ADO.NET in .NET

for RuBoard

In this section, you'll drill down to look at how ADO.NET is architected to realize the design goals discussed in the previous section. Let's begin with a review of the execution environment in which ADO.NET runs and then move on to the namespaces, classes, and interfaces that make up ADO.NET in the .NET Framework.

Managed Code Review

Although the ins and outs of managed code and the Common Language Runtime are beyond the scope of this book, it's important to have a foundational understanding of how the code you write for ADO.NET is actually executed.

Note

For an in-depth look at the common language runtime, see Essential .NET Volume I by Don Box, published by Addison-Wesley.
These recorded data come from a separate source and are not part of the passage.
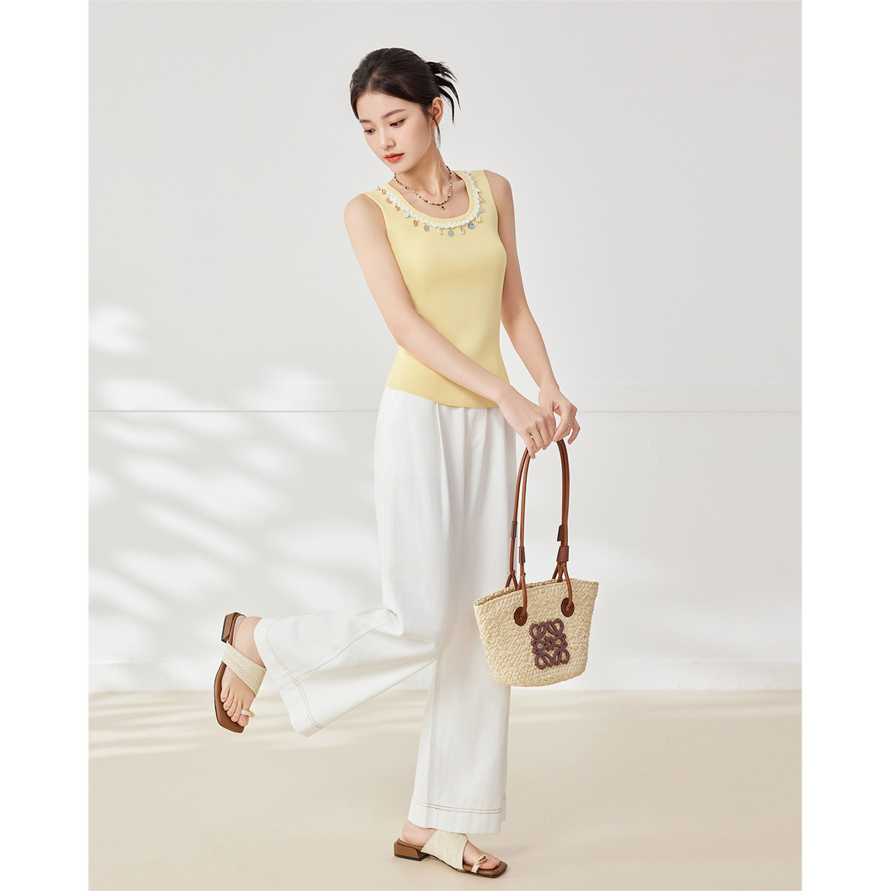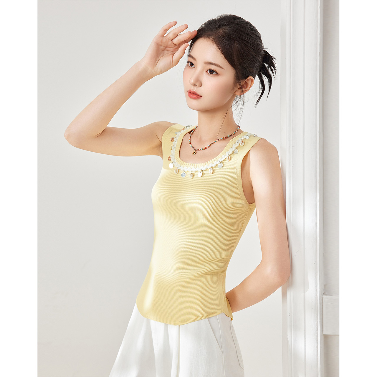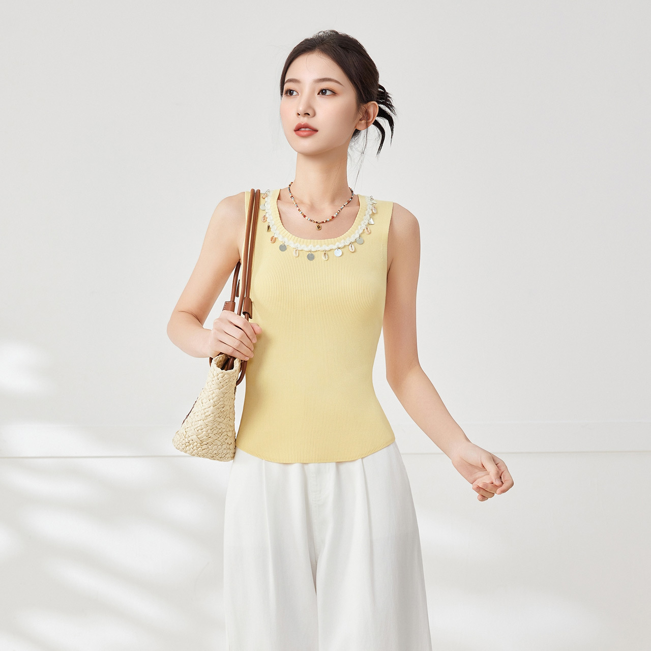 2025夏季新款时尚圆领背心女外穿修身显瘦法式无袖高级感针织上衣
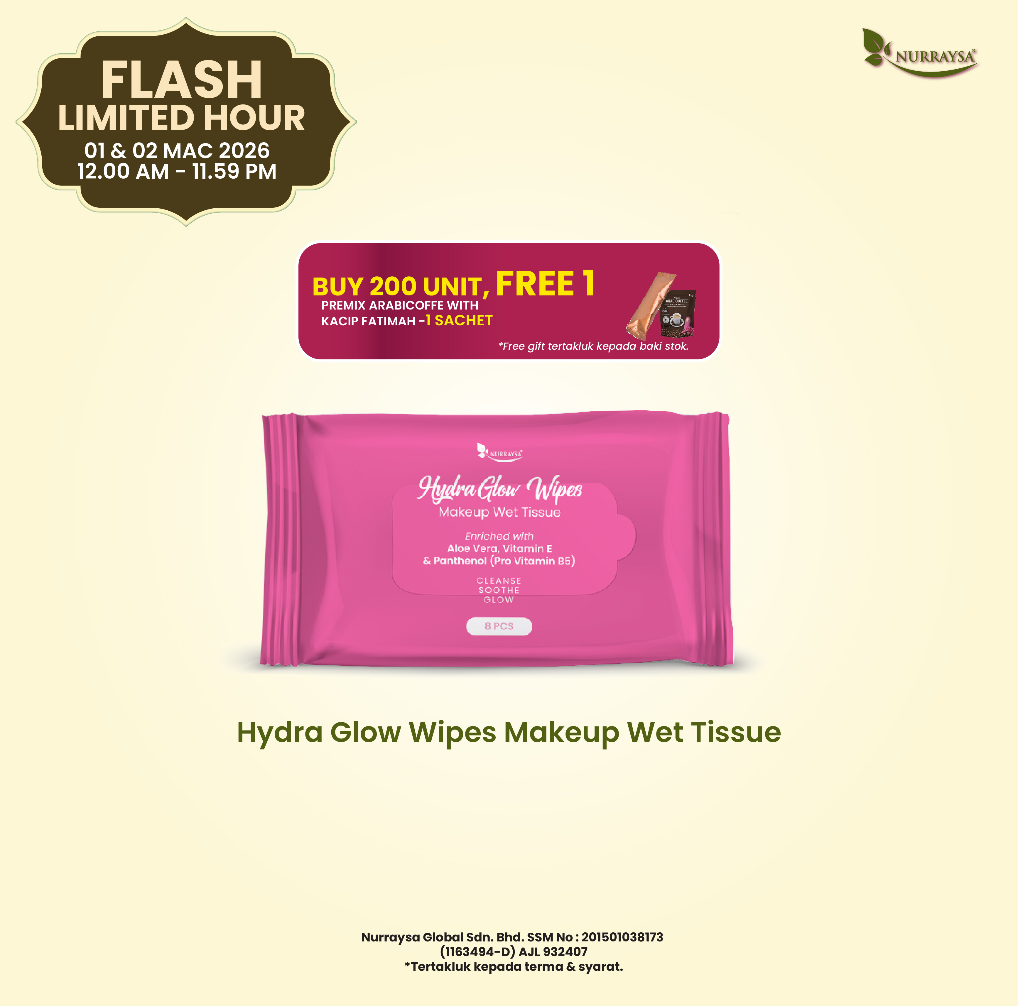 Flash Limited Hour 01-02 Mac : 200 Unit Hydra Glow Wipes MakeUp Wet Tissue
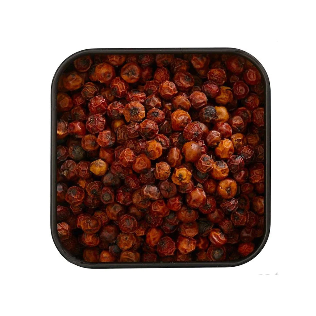 Alle ätherischen Öle in den roten, reifen Beeren sind voll entwickelt und Sie erhalten einfach eine Fülle von Geschmack. Natürlich die ausgeprägte, verlockende Schärfe des Pfeffers, aber auch ein süßes Aroma und ein klarer, fruchtiger Geschmack, der für diese rote Pfefferbeere völlig einzigartig ist.
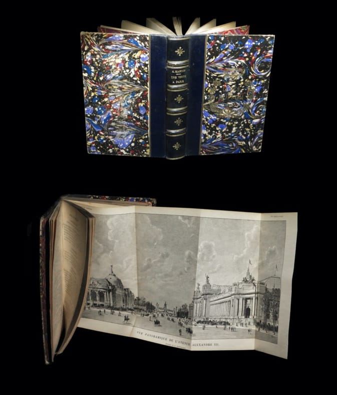Exemplaire revêtu d'une agréable reliure du temps. Il renferme 14 (sur 14) plans sur double-page en couleurs, une planche panoramique ainsi que 16 (sur 16) jolies planches hors-texte. Angles et coupes élimés. Quelques claires rousseurs dans le texte. Du reste, bonne condition.
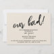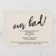 La distinction de cette suite est due au script manuscrit moderne utilisé pour les phrases d'accent. Si vous êtes en position de devoir informer vos invités mariages que vous avez dû changer votre grand rendez-vous, voici une option humoristique. Dans cette pièce, la police de caractères manuscrite a été utilisée pour créer un graphique représentant le mot "notre mauvais!", grand et audacieux. Utilisez les champs modèles pour ajouter vos détails personnels et faire de ce design unique et moderne votre propre. L'arrière - plan peut être changé en n'importe quelle couleur. Veuillez communiquer avec toute demande spéciale ou customiser de l'aide. // 100 //

Chapter 1 of my Sams book Building Distributed Applications with Visual Basic .NET also provides a more in-depth look at the common language runtime from a Visual Basic perspective.

To begin, all code you write to work with ADO.NET, whether in VB .NET, VC# .NET, or any of the .NET languages, will by executed by the common language runtime and is thus referred to as managed code. The common language runtime includes a host of runtime features including a class loader, thread support, exception manager, security engine, garbage collector, code manager, and type checker. In turn , all managed code is first compiled to a machine-independent intermediate language called Microsoft Intermediate Language (MSIL), and subsequently compiled to native instructions for execution in a just-in-time (JIT) manner as the common language runtime's class loader loads code at runtime. This process is outlined in Figure 1.2.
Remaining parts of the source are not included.